9 Once you have assigned all of the inputs and outputs of your circuit to appropriate device pins, re-compile your design. Your design is now ready to be downloaded to the target hardware. You may want to go over Section 4.1 of the DE1-SoC user manual for information on configuring (programming) the Cyclone V FPGA on the board. You will be using the JTAG mode to configure the device. Take the board out of the kit box, connect the USB cable to the USB port of the computer and to the USB connector on the board. Next, select the Programmer item from the Tools menu. Click Auto Detect and then select the correct device (5CSEMA5), as shown below. Both FPGA device and HPS should be detected. Next, double-click the FPGA device (5CSEMA5), from the window that pops up, add the .sof file created by Quartus. Finally, check the “Program/configure” box beside the 5CSEMA5 device, and then click “Start”. See also Section “Configuring the FPGA in JTAG Mode” on p. 12 of the manual.

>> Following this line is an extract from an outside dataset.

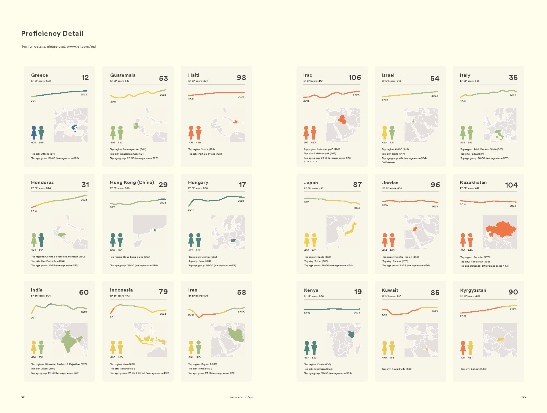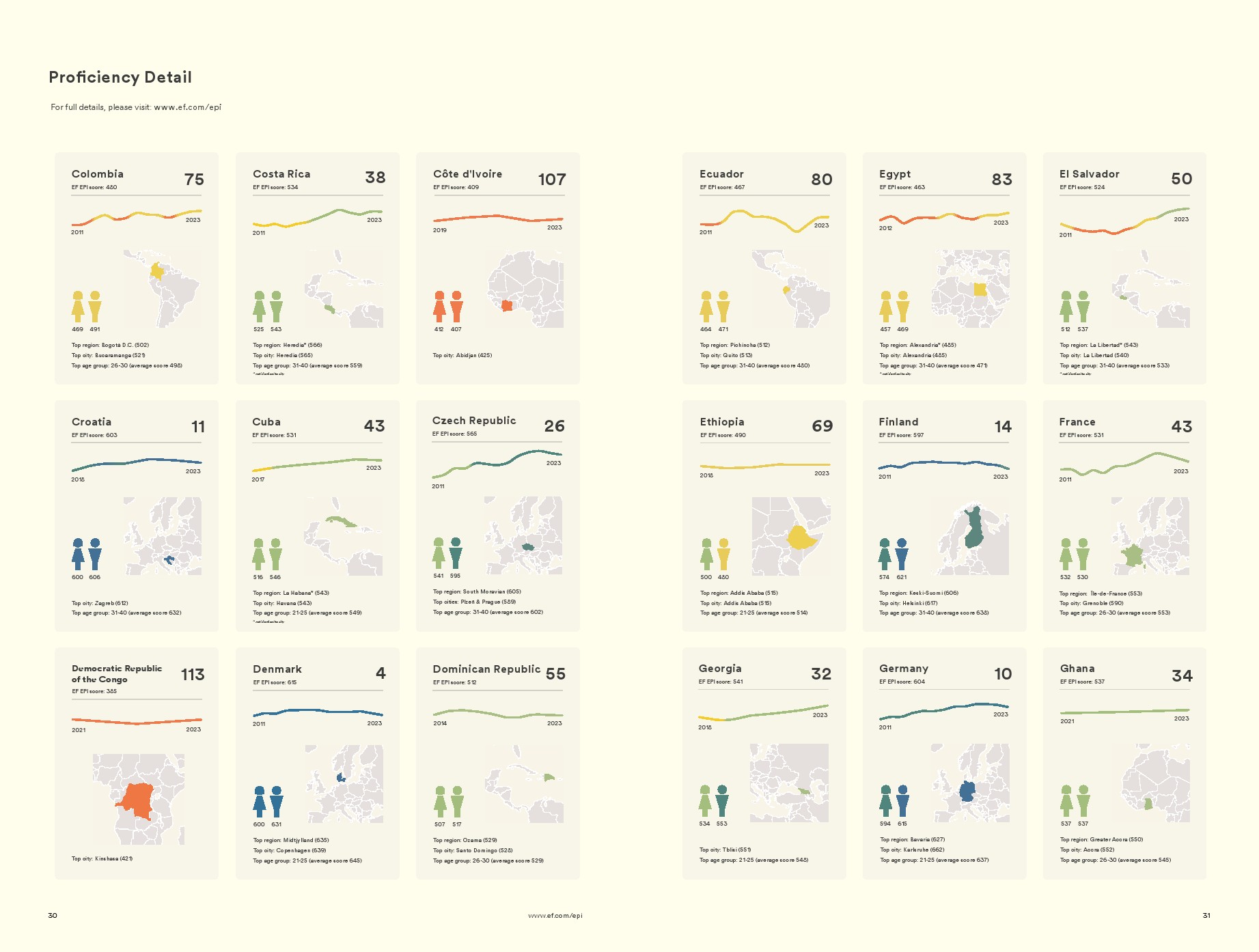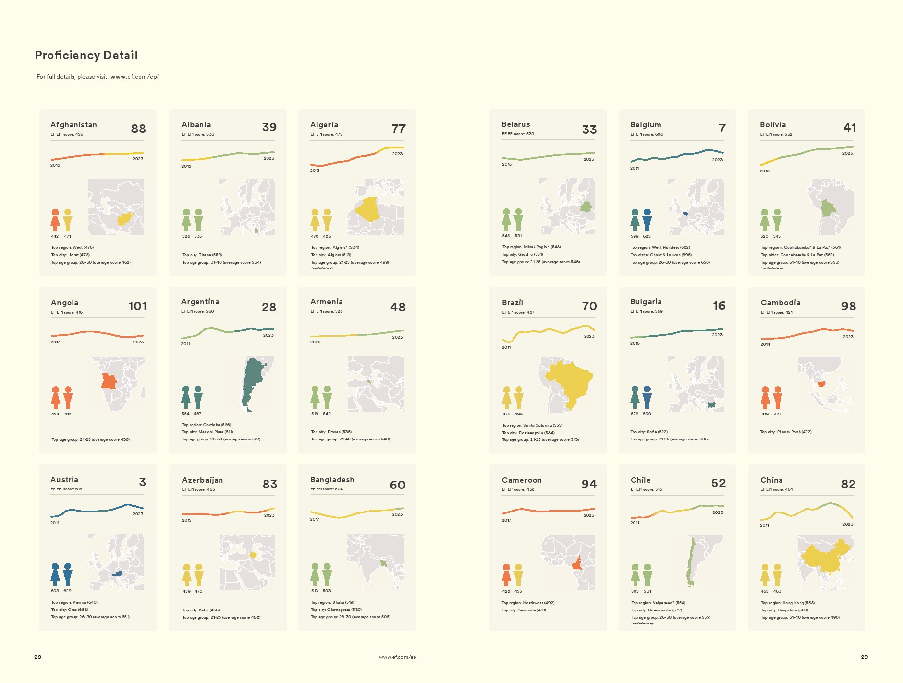 在一些地方,年轻人的英语水平正在下降。最年轻的年龄组(18-20岁)的英语水平正在下降。在这种情况下,看似世界范围的趋势实际上只是少数大国的趋势。在大多数地方,年轻人的英语熟练程度一直保持稳定。即使下降了,也与大流行期间教育系统的中断有关。目前尚不清楚COVID造成的学习损失是否会随着时间的推移而自我纠正,但预计会看到反弹。对于那些经历了较长时间最年轻群体下降的国家来说,挑战更大,因为这些国家的教育系统教授英语的水平不如以前。读者可以在EF EPI网站上查询不同年龄段的国家熟练程度趋势。

Now, you should be able to use the slide switches to insert values for inputs A and B. The 7-segment LEDs should also display inputs and outputs in BCD format. 8 Questions 1. Briefly explain your VHDL code implementation of all circuits. 2. Perform timing analysis and find the critical path(s) of the one-digit BCD adder circuit for the Fast 1,100 mV 85C Model. Show the obtained timing waveform(s) of the critical path(s) that you found. 3. Provide the VHDL code that you wrote for the wrapper circuit. 4. Show a representative photo of the board displaying the result of the addition of A and B, where A is the last (rightmost) digit of the McGill ID number of one of the students in your group and B is the last (rightmost) digit of the McGill ID number of the other student in the group (if there are three members in your group, choose two IDs and state which were chosen). Clearly indicate which 7-segment LEDs/sliding switches are assigned to which inputs/outputs of the circuit on the photo. 5. Report the number of pins and logic modules used to fit your designs on the FPGA board. 9 Deliverables You are required to submit the following deliverables on MyCourses. Please note that a single submission is required per group (by one of the group members).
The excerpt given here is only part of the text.